Did you manage to make it work? Would be cool, if you can PR an example.

tfolkman commented 8 years ago

@davidBelanger were you thinking like something below? If so, do you see any error with my implementation?

I have 9 classes, and my labels look like this:

[0, 1, 0, 1, 1, 0, 0, 1, 1, 0, 1, 0, 1, 0, 1, 0, 0, 1]

Meaning that this observation has class 0, 1, 3, and 8. They are in pairs - with the first value signifying not the class.

The training isn't really converging... Thanks!

def get_class_logits():
    weights = tf.Variable(tf.truncated_normal([4096, 2]))
    biases = tf.Variable(tf.zeros([2]))
    logits = tf.matmul(tf_train_dataset, weights) + biases
    return weights, biases, logits

graph = tf.Graph()
with graph.as_default():

    tf_train_dataset = tf.placeholder(tf.float32, shape=(batch_size, 4096))
    tf_train_labels = tf.placeholder(tf.float32, shape=(batch_size, 18))

    w_0, b_0, logits_0 = get_class_logits()
    w_1, b_1, logits_1 = get_class_logits()
    w_2, b_2, logits_2 = get_class_logits()
    w_3, b_3, logits_3 = get_class_logits()
    w_4, b_4, logits_4 = get_class_logits()
    w_5, b_5, logits_5 = get_class_logits()
    w_6, b_6, logits_6 = get_class_logits()
    w_7, b_7, logits_7 = get_class_logits()
    w_8, b_8, logits_8 = get_class_logits()

    all_logits = tf.concat(1, [logits_0, logits_1, logits_2, logits_3, logits_4, logits_5, logits_6,
                               logits_7, logits_8])

    loss = tf.reduce_mean(
    tf.nn.softmax_cross_entropy_with_logits(all_logits, tf_train_labels))

    optimizer = tf.train.AdamOptimizer().minimize(loss)

xksteven commented 8 years ago

Would this function

tf.nn.sigmoid_cross_entropy_with_logits()

Solve the problem?

ilblackdragon commented 8 years ago

@tfolkman @eldor4do You can try using tf.nn.sparse_softmax_cross_entropy_with_logits for multi class.

For example of the usage see here - https://github.com/tensorflow/tensorflow/blob/master/tensorflow/contrib/learn/python/learn/estimators/dnn_linear_combined.py#L522

xksteven commented 8 years ago

@ilblackdragon

tf.nn.sparse_softmax_cross_entropy_with_logits

The function you suggested wouldn't work for multilabel.
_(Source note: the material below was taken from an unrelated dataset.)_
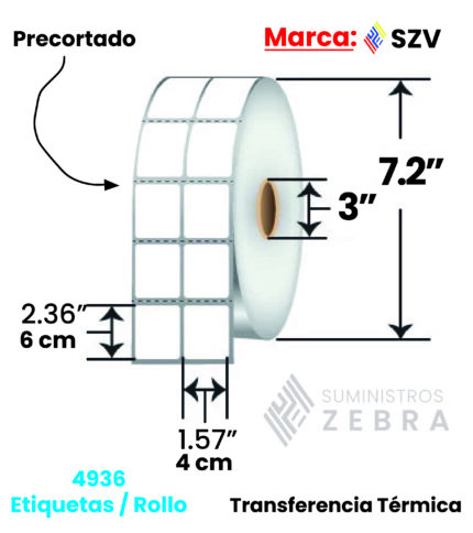 Rollo de 4936 Etiquetas Transferencia Térmica 4 cm x 6 cm Core3 2 Columnas

It would work for multiclass which is a different problem.

Pretty sure tf.nn.sigmoid_cross_entropy_with_logits is what the original author is looking for.

Syndrome777 commented 8 years ago

@xksteven But, if we have 10000 output nodes? It's hard to compute all nodes, such as [1, 0, 0, 1, 0, 1, 0, 0....], the input labels is 0, 3, 5. So do you have any ideas?

shriphani commented 8 years ago

@Syndrome777 this is normal. in word-level language-modeling, you predict a very high dimensional output and tensorflow handles it just fine.

Syndrome777 commented 8 years ago

@shriphani No, I mean it's a multi-label task, not language model task. My task is that at every time stamp, the model will predict 10000 output nodes, and this nodes are sparse, such as Large Scale Image Classification Tasks, every image may have dog, cat, or any others, so the ground truth is [1, 0, 0, 1, 0, 1, 1, 0, 0.......]. I don't know how to deal with this loss.

shriphani commented 8 years ago

@Syndrome777 two approaches off the top of my head:

Set a uniform prior on all possible labels a given X can have. So if 5 entries in your 10000 dim vector are active, then you emit a distribution with all 0s and the 5 desired entries set to 0.2 . You can use the categorical cross-entropy loss then.
Treat it as 10000 binary classification problems. You can still use the categorical cross-entropy loss and (maybe) add all the losses. If you do add all the losses, the cumulative loss is still nicely differentiable (although possibly hard to interpret - no confusion matrix and all that machinery).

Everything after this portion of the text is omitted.